Q: A well-respected and competent contractor who has done excellent work for us before is giving us a bid to install a French drain and surface drain in our sloped backyard.

For the drain that will run along the entire back wall of our house, he proposed a 4-foot-deep-by-3-foot-wide French drain filled with rocks — and that’s it. His bid does not call for perforated pipe or fabric. He said the water just needs to percolate into the soil, which will be well beneath the foundation. Do you agree with this assessment?

In addition, because we are on a slope, the foundation at the front of the house is lower than the back of the house. I have read that a French drain needs to be deep enough to protect the lowest part of the house, so would a 4-feet-deep French drain in the backyard be sufficient to keep the entire foundation dry?

A: With all due respect, we disagree with your contractor. A 4-foot-deep-by-3-foot-wide gravel-filled trench will only create an underground lake.

If your soil is sufficiently porous for water to percolate into the soil at the bottom of the trench, it would also hold true that the topsoil is porous enough to "perc." If this is the case, you shouldn’t be considering a French drain at all.

The purpose of a French drain should be to divert water away from the foundation, down the hill to either a dry sump, a decorative pond or, if code allows, to the street.


The basic concept behind a French drain is to construct a slightly sloped trench filled with round stone and perforated pipe encased in a filter cloth to divert surface and subsurface water away from your house.

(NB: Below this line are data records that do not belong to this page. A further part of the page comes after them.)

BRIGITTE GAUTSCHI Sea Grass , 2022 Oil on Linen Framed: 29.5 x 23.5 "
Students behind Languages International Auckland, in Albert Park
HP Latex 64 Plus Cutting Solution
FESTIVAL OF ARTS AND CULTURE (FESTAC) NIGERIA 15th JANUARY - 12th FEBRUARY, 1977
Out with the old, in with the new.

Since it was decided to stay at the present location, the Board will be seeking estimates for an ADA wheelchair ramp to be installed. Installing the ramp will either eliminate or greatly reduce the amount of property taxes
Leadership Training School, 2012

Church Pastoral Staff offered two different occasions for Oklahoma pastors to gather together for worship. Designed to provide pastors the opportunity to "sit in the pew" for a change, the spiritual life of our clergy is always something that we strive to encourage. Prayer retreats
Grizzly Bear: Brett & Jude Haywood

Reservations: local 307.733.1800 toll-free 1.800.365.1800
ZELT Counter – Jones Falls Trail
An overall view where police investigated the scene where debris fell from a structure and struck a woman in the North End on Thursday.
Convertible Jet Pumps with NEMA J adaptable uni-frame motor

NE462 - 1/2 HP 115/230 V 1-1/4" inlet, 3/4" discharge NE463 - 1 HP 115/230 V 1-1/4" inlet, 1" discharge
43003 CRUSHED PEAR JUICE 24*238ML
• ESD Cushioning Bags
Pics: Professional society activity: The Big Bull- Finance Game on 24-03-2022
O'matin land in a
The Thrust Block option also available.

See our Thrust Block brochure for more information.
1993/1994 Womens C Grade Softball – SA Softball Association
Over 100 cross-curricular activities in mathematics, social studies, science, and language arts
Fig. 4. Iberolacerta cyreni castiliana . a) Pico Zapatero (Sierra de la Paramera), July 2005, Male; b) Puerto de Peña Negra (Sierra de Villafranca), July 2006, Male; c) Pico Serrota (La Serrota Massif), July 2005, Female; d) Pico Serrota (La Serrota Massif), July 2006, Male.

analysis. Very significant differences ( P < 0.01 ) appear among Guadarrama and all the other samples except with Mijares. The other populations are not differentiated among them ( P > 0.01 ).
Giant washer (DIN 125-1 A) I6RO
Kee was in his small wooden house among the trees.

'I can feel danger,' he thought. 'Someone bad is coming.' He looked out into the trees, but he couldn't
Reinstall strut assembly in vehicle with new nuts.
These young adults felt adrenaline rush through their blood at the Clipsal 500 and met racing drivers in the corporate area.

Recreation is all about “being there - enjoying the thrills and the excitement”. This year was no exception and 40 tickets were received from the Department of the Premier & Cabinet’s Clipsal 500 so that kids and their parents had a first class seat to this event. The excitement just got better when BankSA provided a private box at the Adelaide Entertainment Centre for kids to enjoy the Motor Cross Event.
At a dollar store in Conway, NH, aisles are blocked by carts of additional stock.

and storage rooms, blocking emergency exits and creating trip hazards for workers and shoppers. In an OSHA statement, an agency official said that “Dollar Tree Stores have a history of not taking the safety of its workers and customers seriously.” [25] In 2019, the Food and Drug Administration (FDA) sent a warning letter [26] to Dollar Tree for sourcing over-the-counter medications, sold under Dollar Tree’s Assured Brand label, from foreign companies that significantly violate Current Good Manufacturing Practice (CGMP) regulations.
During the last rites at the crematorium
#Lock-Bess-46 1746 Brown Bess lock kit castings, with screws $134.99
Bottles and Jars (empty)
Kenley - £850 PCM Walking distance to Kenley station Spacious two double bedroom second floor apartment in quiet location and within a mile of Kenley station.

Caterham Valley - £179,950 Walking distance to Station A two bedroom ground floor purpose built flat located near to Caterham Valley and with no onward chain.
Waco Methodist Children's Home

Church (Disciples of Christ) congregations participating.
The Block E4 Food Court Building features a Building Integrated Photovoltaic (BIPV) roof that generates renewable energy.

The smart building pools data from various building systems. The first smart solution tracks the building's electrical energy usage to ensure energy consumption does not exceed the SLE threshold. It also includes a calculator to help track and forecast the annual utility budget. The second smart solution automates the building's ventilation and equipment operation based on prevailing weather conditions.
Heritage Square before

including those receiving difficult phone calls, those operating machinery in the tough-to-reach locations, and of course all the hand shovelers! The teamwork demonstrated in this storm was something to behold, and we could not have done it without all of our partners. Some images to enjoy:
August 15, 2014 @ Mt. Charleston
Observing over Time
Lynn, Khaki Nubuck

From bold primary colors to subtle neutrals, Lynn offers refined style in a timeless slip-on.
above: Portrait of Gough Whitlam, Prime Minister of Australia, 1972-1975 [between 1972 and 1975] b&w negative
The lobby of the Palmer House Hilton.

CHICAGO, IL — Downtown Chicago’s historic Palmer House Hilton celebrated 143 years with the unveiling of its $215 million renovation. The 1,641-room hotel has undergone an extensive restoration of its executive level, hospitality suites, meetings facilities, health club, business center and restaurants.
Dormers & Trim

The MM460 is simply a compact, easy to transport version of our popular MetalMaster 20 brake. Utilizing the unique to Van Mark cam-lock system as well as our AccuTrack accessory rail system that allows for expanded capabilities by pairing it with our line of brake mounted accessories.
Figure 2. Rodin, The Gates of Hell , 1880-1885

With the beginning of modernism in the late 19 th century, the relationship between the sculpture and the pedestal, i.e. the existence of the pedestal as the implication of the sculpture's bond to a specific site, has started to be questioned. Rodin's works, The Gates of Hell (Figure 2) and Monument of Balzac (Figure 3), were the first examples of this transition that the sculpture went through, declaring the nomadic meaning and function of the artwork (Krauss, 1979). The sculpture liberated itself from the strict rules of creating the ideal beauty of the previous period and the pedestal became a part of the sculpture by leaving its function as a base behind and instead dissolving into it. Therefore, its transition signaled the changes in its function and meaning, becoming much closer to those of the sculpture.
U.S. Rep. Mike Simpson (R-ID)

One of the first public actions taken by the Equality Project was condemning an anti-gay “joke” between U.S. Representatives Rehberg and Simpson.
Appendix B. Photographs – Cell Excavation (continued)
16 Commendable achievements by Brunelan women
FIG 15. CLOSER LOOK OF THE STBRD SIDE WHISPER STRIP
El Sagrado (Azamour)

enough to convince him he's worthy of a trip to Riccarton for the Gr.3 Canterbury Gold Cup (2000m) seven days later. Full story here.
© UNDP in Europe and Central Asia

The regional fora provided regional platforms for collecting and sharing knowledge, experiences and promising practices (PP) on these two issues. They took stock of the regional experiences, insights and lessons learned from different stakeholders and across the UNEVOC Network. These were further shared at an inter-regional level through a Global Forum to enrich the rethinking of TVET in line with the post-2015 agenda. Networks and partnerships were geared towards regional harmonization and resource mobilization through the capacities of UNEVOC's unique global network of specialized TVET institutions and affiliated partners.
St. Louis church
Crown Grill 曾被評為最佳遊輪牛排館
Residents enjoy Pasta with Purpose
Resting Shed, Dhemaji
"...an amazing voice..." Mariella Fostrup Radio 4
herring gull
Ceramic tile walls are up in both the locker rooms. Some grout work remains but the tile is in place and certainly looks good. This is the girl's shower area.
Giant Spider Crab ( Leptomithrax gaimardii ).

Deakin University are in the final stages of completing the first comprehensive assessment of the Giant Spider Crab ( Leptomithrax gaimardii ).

Interestingly, the French drain is not named for the country in Europe. Henry Flagg French, a judge and farmer in Concord, Mass., conceived and promoted the idea of redirecting water via underground piping in an 1859 book about farm drainage. French made his drains with clay tiles, the same type of piping used in old sewer lines. Modern residential French drains are usually constructed with 4-inch-diameter perforated plastic pipes

How a French drain works

A French drain consists of buried perforated pipes slightly sloped to easily channel water flow, in this case, away from the house foundation.

Start by digging a 2-foot-deep-by-18-inch-wide trench 2 feet or so away from the foundation at the highest point where the rear yard meets the foundation. Continue the trench downhill around the house until it extends beyond the foundation at the front of the house and discharges away from the foundation where excess water will not cause a problem for yourself or a neighbor.

The bottom of the trench should be sloped about 1 inch for every 8 feet in the direction you want water to flow.

Fill the bottom of trench with about 2 inches of 1-inch washed rounded stones. Washed stone is necessary to prevent small pieces of stone called "fines" from plugging the holes in the drainpipes.

Lay landscape filter cloth on the layer of rocks at the bottom of the trench. Lay the perforated plastic pipe with the holes face down over the cloth, then wrap the sides of the cloth over the pipe. The cloth prevents any soil particles moving down through the rocks above from plugging the holes in the pipe. Fill the trench with stone.

If you want to plant grass or shrubs over the stone, fill the trench to about 6 to 8 inches from the top with stone and top it off with topsoil. Then indulge your green thumb.

When complete, surface and subsurface water moving downhill hits the stone and percolates through the spaces between the round gravel and into the perforated pipe at the bottom of the trench. Water travels freely through the pipe, which empties a safe distance from the house. The water can be diverted to a low-lying area of the property, a drainage ditch, a dry well, or the street.

Your contractor’s solution will create more problems, unless your soil passes the "perc" test, in which case you probably don’t need a French drain at all.